## Action item:
Don't include pictures. Quote the lines below from the first through the line that contains "パジャマレディース夏レンチン".

## Supplied material:
# # # #
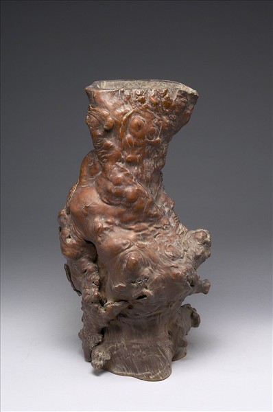 木質,色深棕,表面經摩娑光滑密潤。為樹根的一段,器表佈滿纖維紋理與小樹瘤,自然折轉線條,姿態多端,上端開口挖空為瓶能置物。
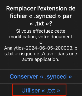Peu importe l’extension précédente du fichier, une demande de confirmation du changement d’extension apparaîtra. Choisissez Utiliser « .txt ».
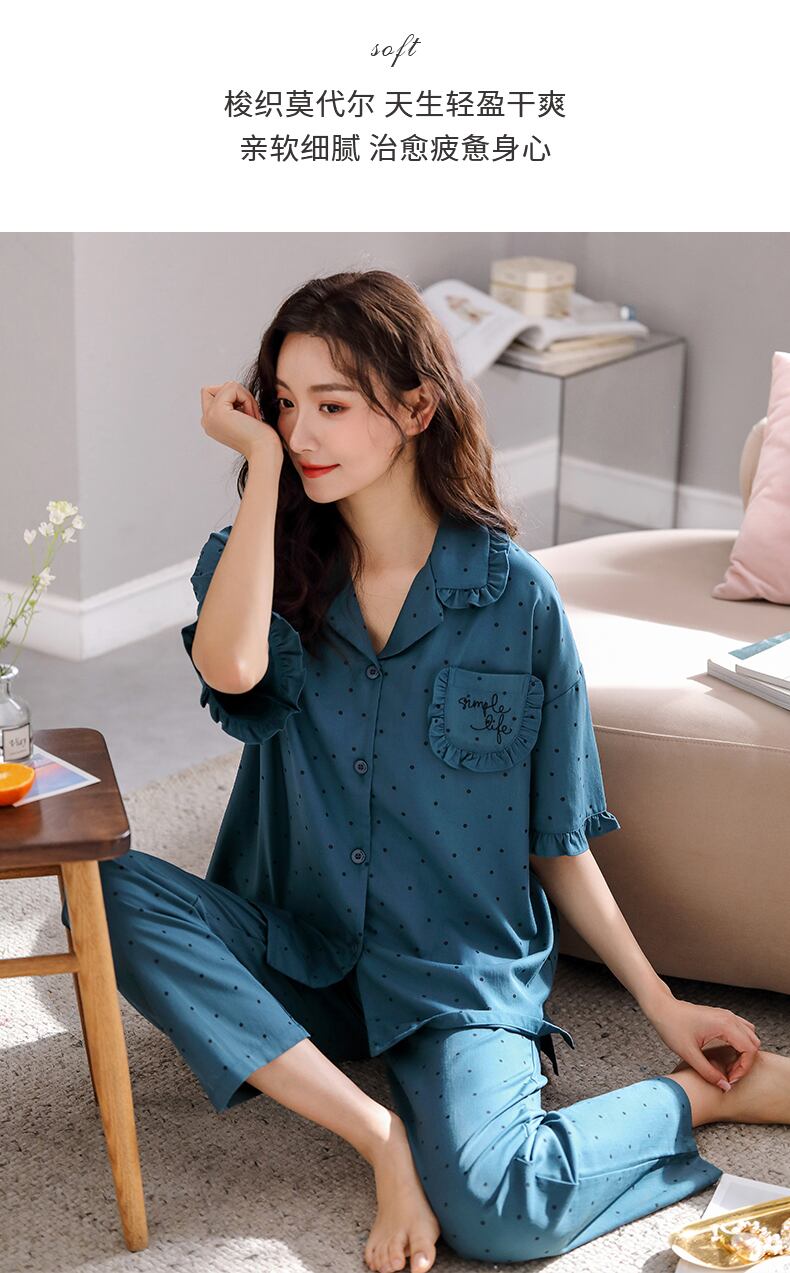 パジャマレディース夏レンチングモーダル半袖パンツホームサービス夏アイスシルク薄片かわいい甘いese jial19620751599
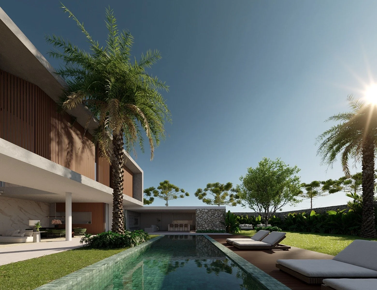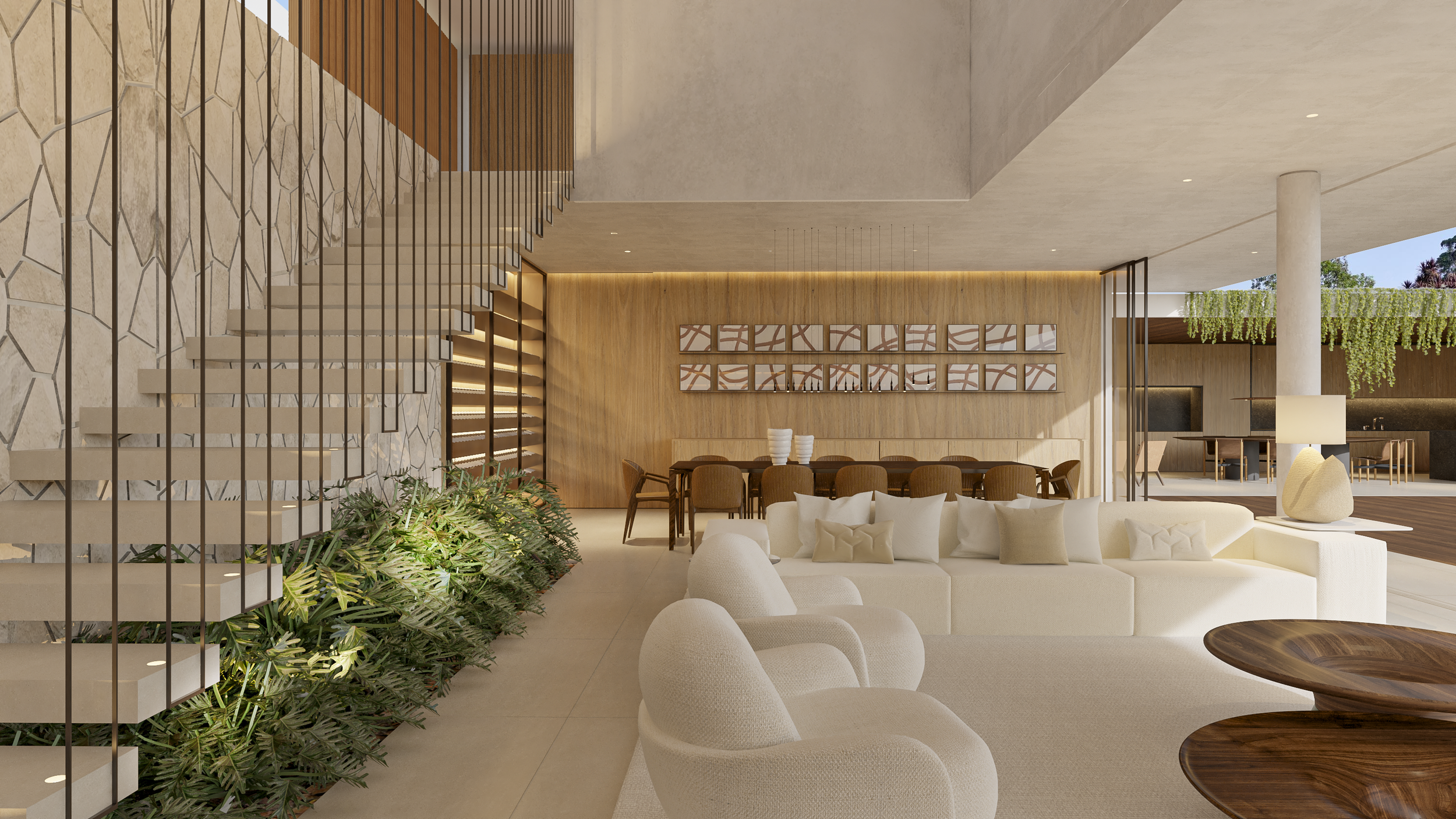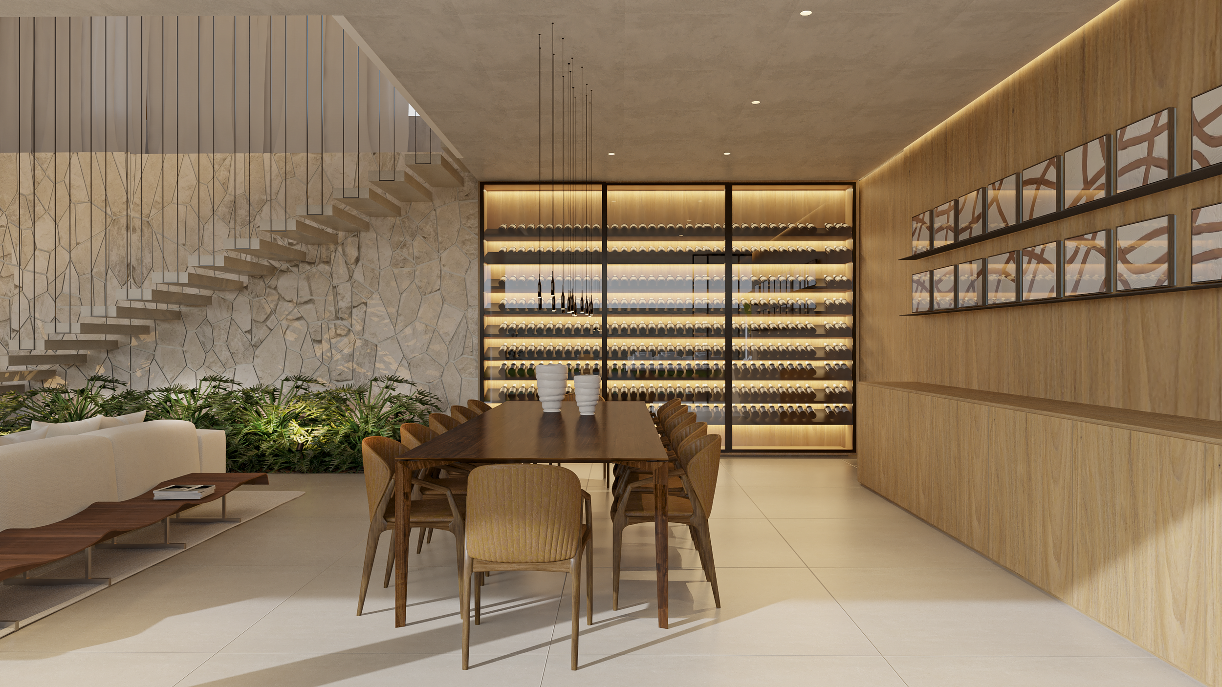 Localizada no interior de Minas Gerais, a casa Araucária possui terreno de 1200m² com 560 m² de edificação. Puro contraste e complementação entre arquitetura e paisagismo. O verde distribuído pela paisagem enfatiza a volumetria. Criam-se espaços de aconchego onde a predominância da madeira é um dos partidos do desenho da marcenaria.
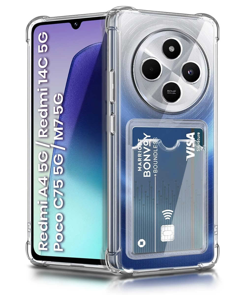 WOW IMAGINE Transparent Back Cover Case for Redmi A4 5G | Poco C75 | 14C 5G | Poco M7 | Flexible Built-in Card Pockets Wallet | 360° Camera Protection TPU | Soft Silicone Mobile Cover – Transparent
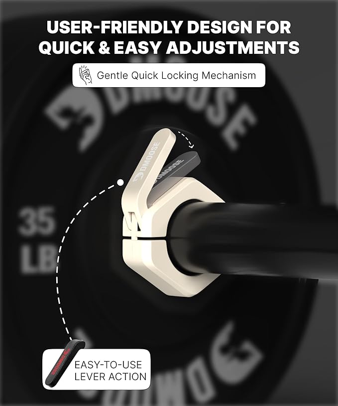 • SECURE HOLD FOR RELIABLE PERFORMANCE: The advanced locking mechanism of weight bar clamps guarantees a rock-solid hold ensuring that plates stay firmly in place and won’t shift or slip during lifts. Train with confidence knowing your weights are securely locked in place.
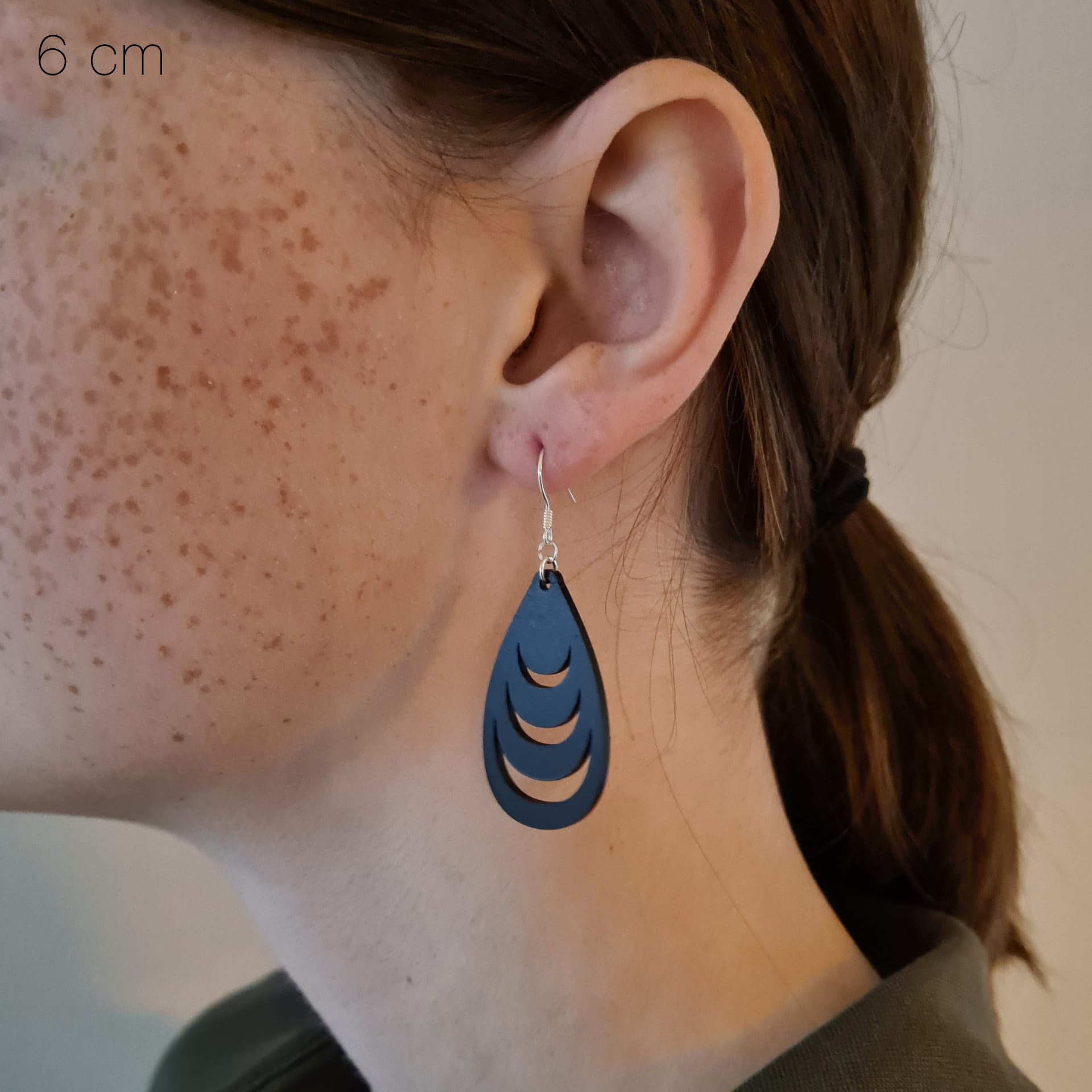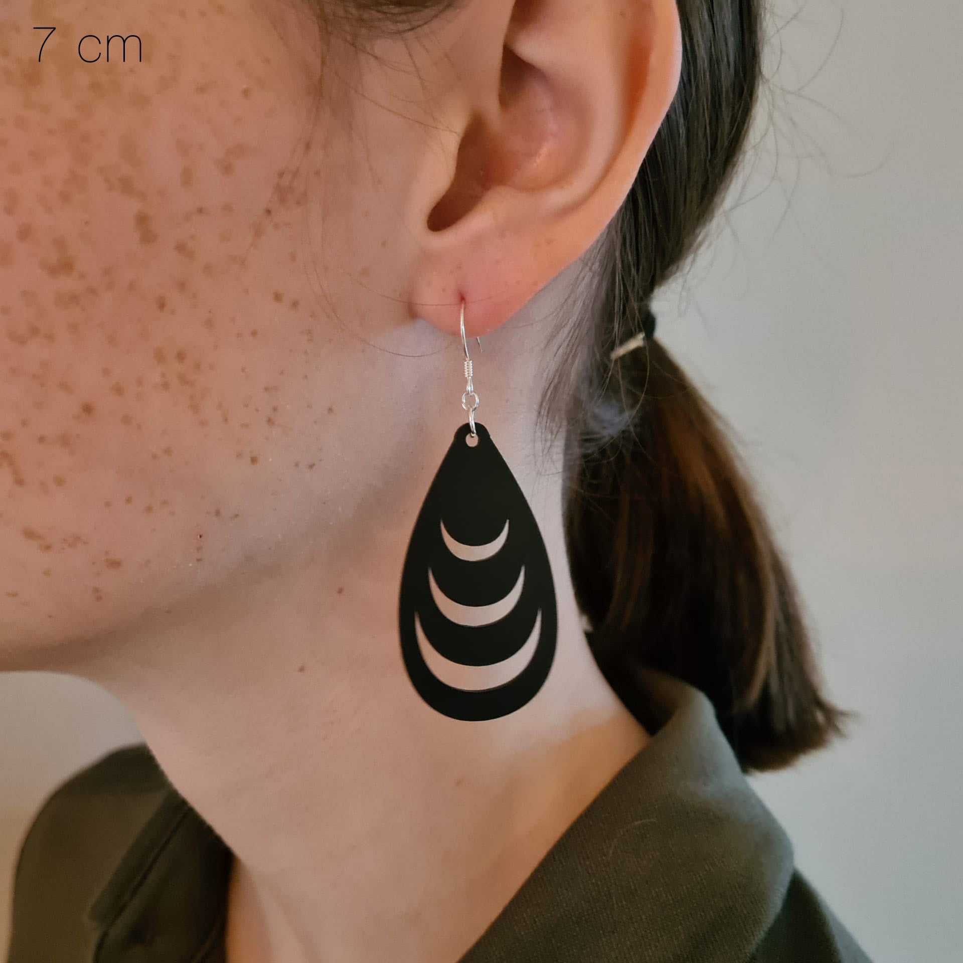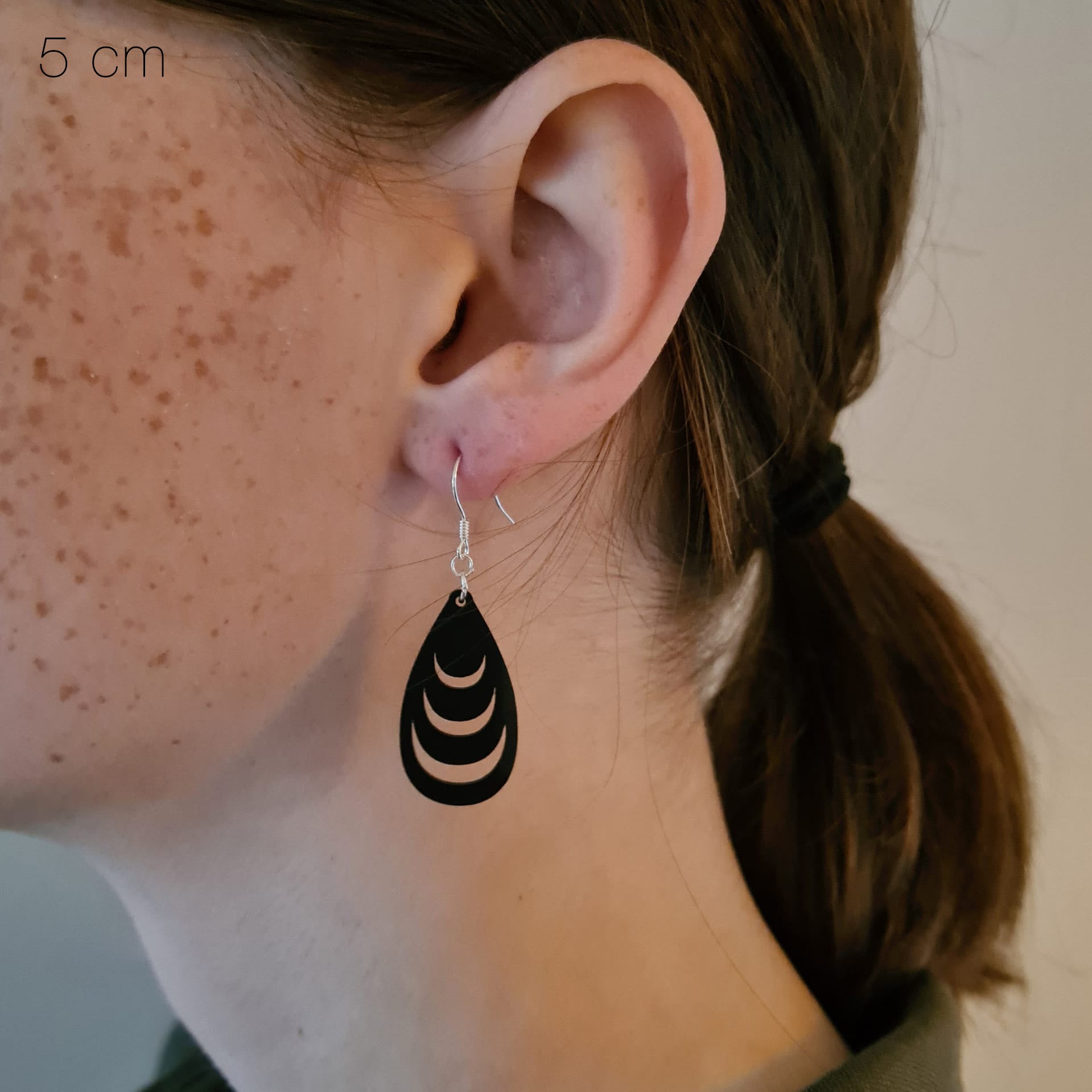 Deze zwarte oorbellen combineren de zachtheid van de druppelvorm met een uitgesproken gelaagd patroon. De brede, vloeiende lijnen creëren diepte en ritme, terwijl de diepe zwarte kleur zorgt voor een stijlvolle, moderne uitstraling.
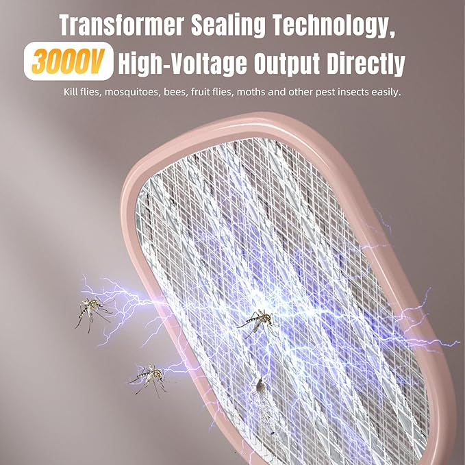 Electric Fly Swatter Racket 3000V Bug Zappers, Mosquito Zappers USB Rechargeable, 1200mAh Mosquitoes Killer Lamp & Fly Zappers with 3 Layer Safety Mesh for Home, Bedroom, Kitchen, Patio (1Pack-Pink)
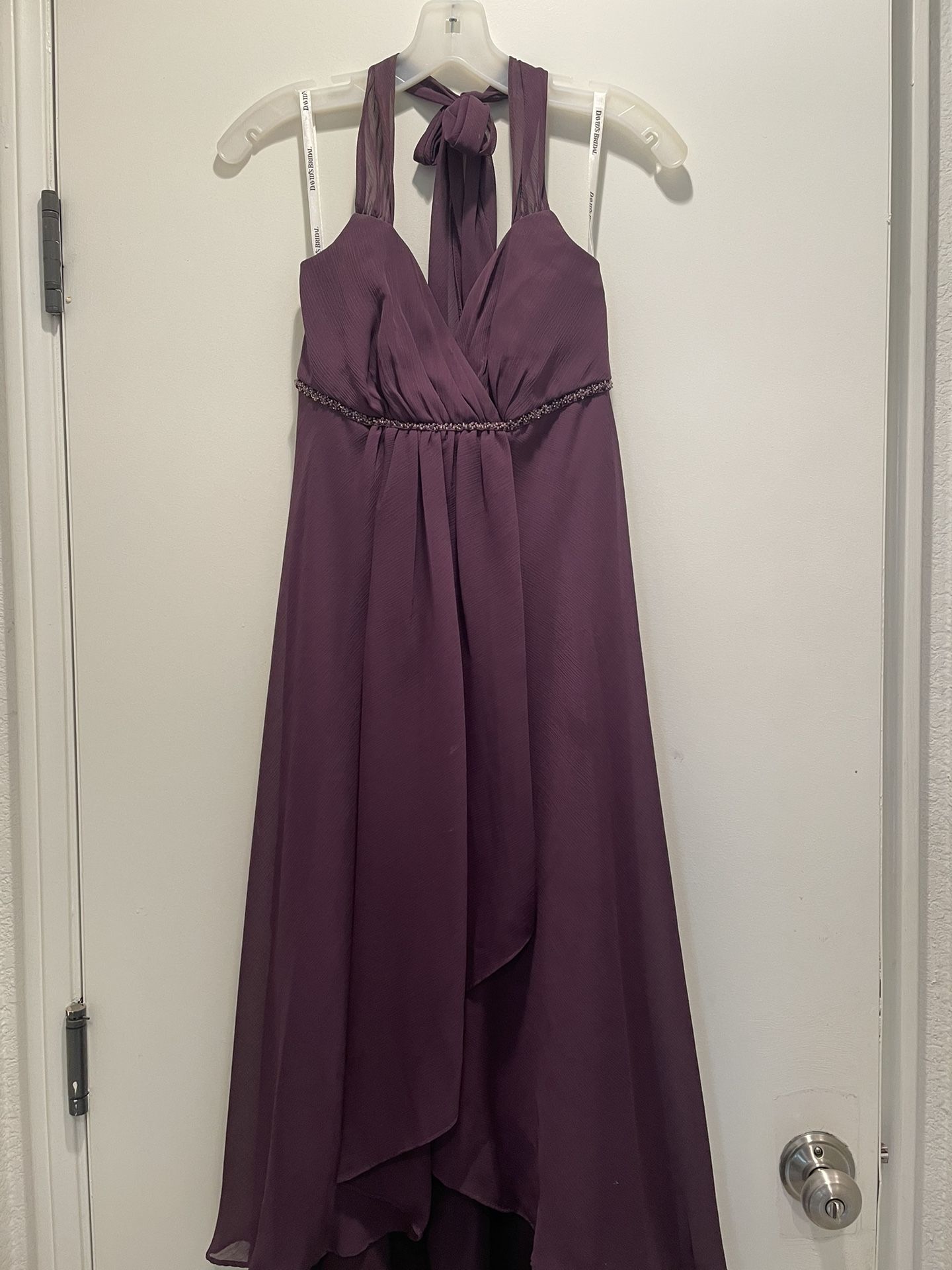 Selling a stunning deep plum halter dress, perfect for formal events, weddings, or special occasions. Features a flattering empire waist with delicate beaded detailing, a flowy asymmetrical high-low hem, and a tie-back halter neckline for an adjustable fit. The lightweight chiffon fabric drapes beautifully, making it both comfortable and elegant. Condition: Gently used, in excellent condition Size: 2 Feel free to message me for more details!
# # # #
## Worked solution:
 木質,色深棕,表面經摩娑光滑密潤。為樹根的一段,器表佈滿纖維紋理與小樹瘤,自然折轉線條,姿態多端,上端開口挖空為瓶能置物。
Peu importe l’extension précédente du fichier, une demande de confirmation du changement d’extension apparaîtra. Choisissez Utiliser « .txt ».
 パジャマレディース夏レンチングモーダル半袖パンツホームサービス夏アイスシルク薄片かわいい甘いese jial19620751599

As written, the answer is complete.